Obama Threatens Forex

Discussion in 'Forex' started by bugscoe, Aug 4, 2010.

  1. Obama Threatens Forex
    By James Bibbings
    Created 3 Aug 2010

    On July 21, 2010, President Obama signed into law the “Dodd-Frank Wall Street Reform Act” (the “Dodd-Frank Act” or “Act”). The Dodd-Frank Act most likely will bring about sweeping regulatory changes within the financial services industry. However, at over 2,300 pages in length, few people have read this legislation in its entirety. Of those individuals who have read the Act, few can comprehend the implications of such sweeping reform. As a result, the President of Turnkey Trading Partners (“TTP”), James Bibbings, has teamed up with attorney Nicole Kuchera, from Chicago’s Henderson & Lyman, to review the content of the Dodd-Frank Act. Through this process we were able to identify some areas of the Act that are most likely to affect Commodity Futures Trading Commission (“CFTC”) regulated entities and National Futures Association (“NFA”) member firms.

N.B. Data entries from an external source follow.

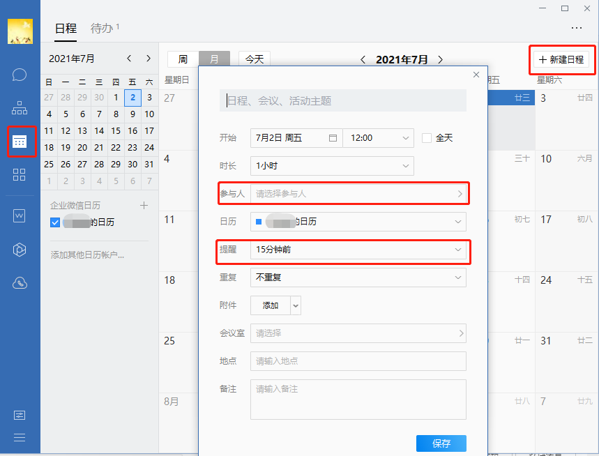 除了微文档外,企业微信还提供了日程管理功能,如果需要与同事共同协作完成事项,则可以添加同事为参与人。并且到了设置时间时,桌面会出现弹窗提示,避免错过时间,设计非常人性化。
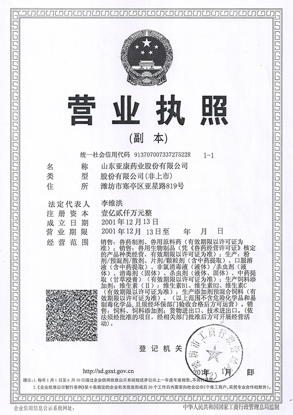 山東亞康藥業股份有限公司創建于1996年,公司位于濰坊市寒亭區通亭街657號(濟青高速公路與206國道交匯處),注冊資金1.2億元人民幣,占地70畝,地理位置優越,交通便利。公司下設獸藥原料部、飼料原料部、獸藥制劑部、生物制品經營部、GMP獸藥廠、市區經營部、國際業務部、電子交易部八大經營部門。
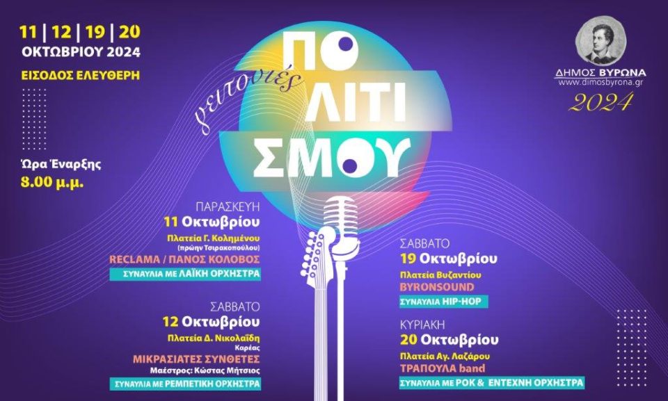 Ο Δήμος Βύρωνα αναβιώνει το θεσμό των γειτονιών Πολιτισμού παρουσιάζοντας ένα πλούσιο πρόγραμμα συναυλιών σε διάφορες πλατείες της πόλης μας.

    The impact of the Act on commodity futures, over-the-counter retail foreign currency (“OTC forex”), and over-the-counter retail precious metals (“OTC metals”) transactions has been largely ignored by the media to date. Although the Dodd-Frank Act has been championed as a victory for consumer protection and rigid Wall Street reform, there is little actual clarity with respect to its practical implications. Since being signed into law, FCMs, IBs, CPOs, and CTAs have reached out to us regarding the vast amount of regulatory uncertainty now present in the financial industry. To assist commodities firms in complying with and understanding the Dodd-Frank Act, we have attempted to identify several of its most sweeping provisions. Our thoughts do not constitute legal advice and should not be relied upon in particular circumstances. We recommend that you contact competent counsel or a legal professional before taking any action in this complex area.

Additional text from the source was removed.